Since FTX, the cryptocurrency industry has been desperate for proof that the last prominent exchange standing, Binance, is solvent. Binance’s CEO, CZ, promised us an audit that would prove without a doubt that they are well collateralized. Well, Binance’s audit is here, and it’s hardly the security blanket we all needed this winter.
Feel free to check it out yourself, it isn’t very long, but it is full of jargon.
How this audit works
Binance contracted an audit firm Mazars to build this report. Basically, Binance asked them to perform a specific assessment of their holdings called an “Agreed-Upon Procedure” or AUP. This specifies the type of data Binance will be providing and the scope of the audit, and what Mazars is to look for.
It’s like telling your mechanic you want your brakes checked. But unlike your mechanic, an audit firm will not check things outside the scope of the AUP. Furthermore, they will not even tell you if the AUP you have agreed to is appropriate for what you are trying to do.
An AUP engagement involves us performing the procedures that have been agreed with Binance, and reporting the findings, which are the factual results of the AUP performed. We make no representation regarding the
appropriateness of the AUP.
Paragraph 4, BINANCE CAPITAL MANAGEMENT CO. LTD. (“BINANCE”) – PROOF OF RESERVE (“POR”) REPORT
Returning to the mechanic analogy, say your brakes are squealing, and you tell your mechanic you think it’s a problem with your brake light. If your mechanic operates like an audit firm, he’ll check your brake light and send you on your way with squealing brakes.
In a way, this is what Binance did. Binance’s audit report clearly states in the opening paragraph the following:
Our report is solely for the purposes of offering Binance’s customers and prospective customers additional transparency and reassurance that their In-Scope Assets are collateralized, exist on the blockchain(s) and are under the control of Binance at the below mentioned reporting date. For the purpose of this Agreed-Upon Procedures (“AUP”) engagement the term “collateralized” will be defined as where Binance’s In-Scope Assets are equal to or greater than the net liability of In-Scope Assets as per the Customer Liability Report owed to and receivable from customers.

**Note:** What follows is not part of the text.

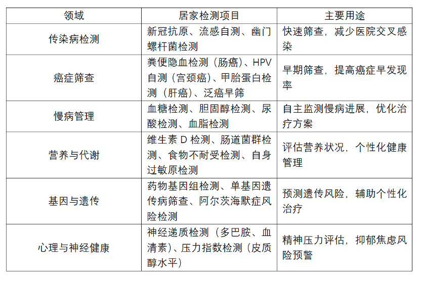 中国居家检测市场正处于蓬勃发展的起步阶段,政策利好、技术进步和消费需求交织,孕育出无限机遇。基层医疗机构是该过程中的关键一环,也是重要受益者。通过前瞻性的战略布局和扎实的落地执行,基层医疗完全可以在居家检测热潮中找到属于自己的定位和价值。既能服务社区百姓健康,又能拓展自身业务疆界。 来源:诊锁界 作者:弧矢 编辑:弧矢 封面来源:pixabay “有了家用幽门螺杆菌检测盒,胃痛是不是不用去医院了?”“我的智能手表提示心律不齐,要不要立刻就医?”越来越多的患者正依赖居家检测来管理自己的健康。居家检测不再局限于血糖、验孕等传统项目,而是迅速扩展到癌症筛查、慢病管理、基因检测、心理健康等细分领域,市场规模也不断扩大。据智研咨询数据,2022年我国体外诊断(IVD)市场规模达1,395亿元,2030年预计将突破4,000亿元,居家检测正成为医疗健康领域的千亿级蓝海。 然而,居家检测的兴起并不意味着它是高效无误的工具。它能否真正融入医疗体系,成为分级诊疗的一部分,还是会因检测结果解读不当、患者焦虑增加而带来新的就医困扰?对于基层医疗机构而言,关键在于如何将这一趋势转化为实际价值,而不是被动接受检测方式的变化。 检测手段的下沉让越来越多患者开始在家进行健康筛查和慢病管理,健康管理前置的趋势愈发明显,这也为基层医疗机构带来了新的增长空间。检测的便捷性提升了患者的健康意识,让早筛早诊的需求变得更加主动,而这正是基层医疗可以深度介入的领域。无论是基于居家检测优化慢病随访,还是依托互联网医疗和体检中心打造“检测—诊疗—健康管理”闭环,基层医疗都可以借此拓展服务边界,提升患者粘性。 如何让居家检测真正融入基层医疗的业务体系,让早筛早诊需求与线下诊疗形成互补,而非割裂,这正是基层医疗机构需要关注的方向。 (1)政策监管逐步完善。早些年监管部门对居家检测持审慎态度,2020年之前相关产品获批较少。但近两年随着需求增长,针对居家检测产品的注册审批与使用规范逐渐健全。2021年3月国家药品监管局起草的《体外诊断试剂注册管理办法》,明确要求:“由消费者个人自行使用的体外诊断试剂,在临床评价时,应当包含无医学背景消费者对说明书的认知能力评价”。这意味着监管层已关注到居家自测的特殊性,要求产品设计充分考虑普通人能否正确使用。2024年年底,中国检验检测学会还发布了国内首个《居家医学检验外送服务规范》,明确了自采送检和上门采样送检两种服务模式。政策和行业标准的出台,为居家检测合法合规发展保驾护航。 (2)技术进步降低门槛。诊断技术的革新大大拓宽了居家检测应用场景,也逐步把过去复杂的检测“搬回家”。多联检试剂的研发使一次采样可检测多种指标,如呼吸道病毒/细菌12联检产品将PCR检测集成于小型试剂盒中,实现家中取样、数小时内出报告。即时检测(POCT)设备小型化趋势明显,从掌上血糖仪到家用PCR机不断推陈出新。虽然POCT准确性目前相对实验室检测仍有提升空间,但其便携快速的优势已充分显现。就连曾经高度依赖大型设备的肾病、心脏病检测,也在Roche等跨国巨头的布局下显现出家用化苗头。 (3)居民自检需求觉醒。“每个人都是自己健康第一责任人”的理念深入人心。国民对定期体检、慢病监测的重视程度前所未有,疫情更让大众明白早发现早干预的重要性。使用抗原检测的经历也让大众认识到体外诊断并非高不可攀,在家用一根棉签加试纸条就能实现。而且早已普及多年的家用血压计、血糖仪、体温计,本身就是居家健康监测的一环。这些都在潜移默化中培养了消费者自主检测、主动健康管理的习惯。 (4)医疗供需矛盾催化。居家检测的兴起也与医疗资源紧张的现实背景密切相关。在传染病高发季节,三级医院动辄人满为患,患者排队做个检测既折腾又有交叉感染风险。2023年冬季,全国多地流感、支原体等呼吸道疾病叠加流行,许多儿科医院急诊爆满,一天接诊数百患者。互联网平台敏锐捕捉到“就地检测、避免跑医院”的需求,迅速推出居家快检服务,让患者半小时拿到试剂盒,在家采样,3小时查清病原体。这样患者就不必挤进医院检验科,在家就能明确诊断并线上问诊拿药。事实证明,这种模式有效分流了大量轻症检测需求,缓解了医院的压力。未来预计会有更多常见传染病筛查、慢病复查等检验项目。居民可以绕开医院实现居家自检,这将节省宝贵的医疗资源,提升诊疗效率,也让患者少跑医院、少花时间。 居家检测正成为分级诊疗体系的重要补充力量,把基础性、预防性的检测下沉到家庭场景,让医院腾出更多精力去处理更复杂的诊疗需求。 国内主要布局企业 (1) 下游:互联网医疗平台 京东健康构建了“线上问诊+居家检验+送药到家”的闭环服务。患者在京东互联网医院问诊时,医生可在线开具电子检验单,系统随即派遣附近护士上门采血采样并送检,平均约3小时后检验结果反馈给医生用于诊疗。通过这种“医+检+药”一体化模式,京东健康将本来需要线下面诊的检查环节搬到了线上,大幅提高了在线诊疗的准确性和可信度。据健闻咨询,京东健康已将居家快检服务拓展至15个核心城市,上线项目扩展到160多项常规检测,几乎覆盖门诊高频检查项,每日服务订单量达数千单。 美团依托美团买药

For the purpose of this engagement the customers’ spot, options, margin, futures, funding, loan andearn accounts for bitcoin (“BTC”) and wrapped bitcoin (“BBTC” and “BTCB”) held on the Bitcoin, Ethereum, BNB Chain and Binance Smart Chain blockchains will be defined as the In-Scope Assets.
In plain English, the audit firm is confirming that they are only checking three things:
- Does Binance have enough BTC and wrapped BTC to cover customer BTC deposits?
- Does the BTC Binance claims to have exist on the blockchain?
- Does Binance have control of the addresses that hold this BTC?
The Good
Before we get into the issues with the scope of this audit, let’s address these questions. For questions 2 and 3, the answer is a simple yes! Hooray!
Question 1 is a bit more complicated. If you only count customer deposits as liabilities, then Binance is over-collateralized at 101%. However, if you include loans Binance has made to customers borrowing BTC, they are only capitalized at 97%. This isn’t too bad, assuming those loans were made to customers who deposited collateral that was out of the scope of this audit. Theoretically, if there was a massive BTC run on Binance, they could sell the collateral for more BTC.
The Bad
If you’re feeling giddy, hold your horses. This was just a BTC audit, and the data used to conduct the analysis was provided by Binance. What about all of their hundreds of other assets in custody? How can we trust their accounting practices? They’ve been completely unexamined.
Many professionals are scoffing at the idea of even calling this an audit.
The Conclusion
Does all this mean that Binance is the next FTX? Not quite. Full audits are expensive and take a lot of time. If we are being charitable, Binance has shown a lot of good faith in moving toward transparency with its new Proof of Reserves system. This latest report is also a step in the right direction, even if it’s not as big a step as we’d like.